Life in the Fast Lane

Still, the plight of the little guy, who’s usually the last to know or be considered in the movements of large companies, was nicely personified by Meredith in this ep, which, appropriately enough, was directed by Jared Harris, aka Lane Pryce, the paradigmatic capitalist suit, who was instrumental the last time Don and crew pulled off a major corporate coup by creating Sterling, Cooper, Draper, Pryce under the noses of McCann.

Yet even the big guys—Don, Roger, Pete, Joan and Teddy (sort of—he’s happy to go to McCann)—aren’t totally sure of what Jim Hobart (H. Richard Greene) and Ferg Donnelly have cooked for dinner.

Oh, the irony; advertising, as we have seen over and over during this series, is a business founded on bending the truth. And here five professional truth benders allegedly are being fed ‘the real story’ by Hobart and Ferg, yet this quintet is not completely sure it’s kosher. That’s also usually how it goes with corporate mergers and takeovers.

Kick the McCann

Another point, McCann, a company whose business is built on communicating messages, botches things royally by ending SC&P’s lease without informing Roger, which leads to the unfortunate incident with Dawn and probably started the rumor mill going at SC&P.

That blunder also spawns tremendous doubt among SC&P’s partners, who are in the dark about McCann’s true motives—yes, the office is being moved to McCann’s building, but is the agency being swallowed? Don, Roger, Peter, Teddy and Joan think so, but until they meet with Hobart 24 hours later they don’t know for certain.

And since we’re talking about communicating, wasn’t it fun to hear people saying a version of ‘Don’t tell anyone’ about the absorption and then, of course, Pete tells Peggy, and later Peggy tells Stan and on, and on, and….

Notes

Death By A Thousand Cuts: As we noted above, the usually infallible profile of Don has been swiped at pretty regularly in the past few weeks. Similarly, after Roger sees the unpaid lease he bellows at the top of his lungs for Joan to come into his office. She appears, but coolly says, “don’t do that.” And, of course, the biggest swipe was toward the end of the ep when the office troops literally ignore Roger and Don as they try to put a sunny face on the McCann scarfing S, C&P.

Larger wounds are inflicted when Hobart halts Don’s presentation during their meeting. “It’s done,” Hobart says of the move.
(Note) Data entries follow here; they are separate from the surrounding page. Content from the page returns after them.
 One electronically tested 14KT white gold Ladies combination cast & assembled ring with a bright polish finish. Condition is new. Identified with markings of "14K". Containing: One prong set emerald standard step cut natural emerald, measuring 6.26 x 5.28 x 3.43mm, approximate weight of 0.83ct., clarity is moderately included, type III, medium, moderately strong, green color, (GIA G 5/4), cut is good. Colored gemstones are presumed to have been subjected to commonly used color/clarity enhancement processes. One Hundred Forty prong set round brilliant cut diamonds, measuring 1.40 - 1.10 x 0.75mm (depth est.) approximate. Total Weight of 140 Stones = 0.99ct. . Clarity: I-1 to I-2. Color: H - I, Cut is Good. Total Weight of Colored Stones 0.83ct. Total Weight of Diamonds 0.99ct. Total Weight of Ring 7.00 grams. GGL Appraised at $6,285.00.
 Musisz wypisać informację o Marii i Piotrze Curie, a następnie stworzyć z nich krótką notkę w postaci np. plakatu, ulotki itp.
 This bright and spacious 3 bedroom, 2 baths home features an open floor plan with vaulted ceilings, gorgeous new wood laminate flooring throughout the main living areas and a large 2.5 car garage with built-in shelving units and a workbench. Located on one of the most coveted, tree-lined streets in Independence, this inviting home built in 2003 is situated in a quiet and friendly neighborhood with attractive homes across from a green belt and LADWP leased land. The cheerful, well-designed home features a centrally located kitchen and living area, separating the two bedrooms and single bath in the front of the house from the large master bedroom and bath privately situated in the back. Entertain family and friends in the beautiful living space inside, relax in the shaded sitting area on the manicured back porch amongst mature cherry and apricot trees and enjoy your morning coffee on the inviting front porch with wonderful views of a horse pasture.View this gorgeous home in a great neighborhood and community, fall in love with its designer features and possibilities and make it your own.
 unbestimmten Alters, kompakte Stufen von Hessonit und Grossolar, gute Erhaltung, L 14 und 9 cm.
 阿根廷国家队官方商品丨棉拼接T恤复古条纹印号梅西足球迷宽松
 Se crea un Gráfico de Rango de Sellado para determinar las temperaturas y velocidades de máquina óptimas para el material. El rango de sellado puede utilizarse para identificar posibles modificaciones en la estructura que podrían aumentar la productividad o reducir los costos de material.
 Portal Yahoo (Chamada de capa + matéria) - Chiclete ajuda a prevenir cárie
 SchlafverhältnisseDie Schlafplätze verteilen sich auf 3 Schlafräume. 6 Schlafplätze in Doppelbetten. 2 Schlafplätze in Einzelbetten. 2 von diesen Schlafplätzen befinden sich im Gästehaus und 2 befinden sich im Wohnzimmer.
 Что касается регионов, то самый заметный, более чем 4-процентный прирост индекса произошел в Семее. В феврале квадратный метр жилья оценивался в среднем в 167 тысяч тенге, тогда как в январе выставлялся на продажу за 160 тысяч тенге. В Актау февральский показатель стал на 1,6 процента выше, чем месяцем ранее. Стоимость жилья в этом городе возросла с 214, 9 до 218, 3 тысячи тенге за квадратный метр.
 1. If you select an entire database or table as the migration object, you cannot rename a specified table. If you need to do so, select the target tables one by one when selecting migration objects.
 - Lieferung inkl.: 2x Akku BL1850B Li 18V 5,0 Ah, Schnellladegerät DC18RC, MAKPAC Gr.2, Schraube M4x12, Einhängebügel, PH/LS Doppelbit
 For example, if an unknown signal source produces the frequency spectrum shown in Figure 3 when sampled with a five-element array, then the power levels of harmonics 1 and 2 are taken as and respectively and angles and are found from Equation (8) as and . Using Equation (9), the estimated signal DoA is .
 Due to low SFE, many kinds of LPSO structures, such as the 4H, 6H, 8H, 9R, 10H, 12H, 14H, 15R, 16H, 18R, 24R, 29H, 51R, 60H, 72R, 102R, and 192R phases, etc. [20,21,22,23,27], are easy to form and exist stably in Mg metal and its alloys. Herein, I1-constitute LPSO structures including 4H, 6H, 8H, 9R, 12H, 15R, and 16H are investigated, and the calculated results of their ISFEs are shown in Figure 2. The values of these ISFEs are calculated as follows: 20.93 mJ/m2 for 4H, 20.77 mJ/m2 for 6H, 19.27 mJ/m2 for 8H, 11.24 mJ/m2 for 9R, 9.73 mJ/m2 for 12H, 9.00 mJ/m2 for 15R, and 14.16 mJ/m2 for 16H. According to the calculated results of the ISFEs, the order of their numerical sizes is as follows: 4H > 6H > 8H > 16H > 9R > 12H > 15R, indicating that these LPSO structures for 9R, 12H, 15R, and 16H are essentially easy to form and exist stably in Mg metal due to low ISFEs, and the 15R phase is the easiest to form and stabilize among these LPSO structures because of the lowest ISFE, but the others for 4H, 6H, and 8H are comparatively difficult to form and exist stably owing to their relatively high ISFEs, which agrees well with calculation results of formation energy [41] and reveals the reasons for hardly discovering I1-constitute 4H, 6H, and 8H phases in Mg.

Actually, I like that creator Matt Weiner has Don and company unable to work magic every time. They may have secured a bunch of clients within 24 hours before, when they foiled a hostile takeover by McCann. This time, though, their last-minute heroics, which would have relocated some of the team to California, is blocked. A lesser series would have let them succeed again.

Children, Children, Children: Don in the elevator smiling at a mother smoothing the hair of her child as they head to SC&P for an audition. Peggy being totally awkward around children during said audition. Later, of course, is the stapler incident. That, of course, leads to a touching scene between her and Stan, who accidentally tweaks Peggy in a pain point. And, in a nice piece of editing, the arc introducing Pete and Trudy dealing with their daughter Tammy’s school issues comes right after we see the children march into the agency for their audition.

The Trudy-Pete arc also provides historical context, as Trudy believes their status as divorcees is blocking their daughter from entrance into a private school. It also leads to the best line of the ep, as Pete screams: “Greenwich, Connecticut is built on divorced money!” Second-best line of the night, from Roger: “But he [Ken] loves feeling the tip of your nose in the seat of his pants.” Ah, Roger, we love ya.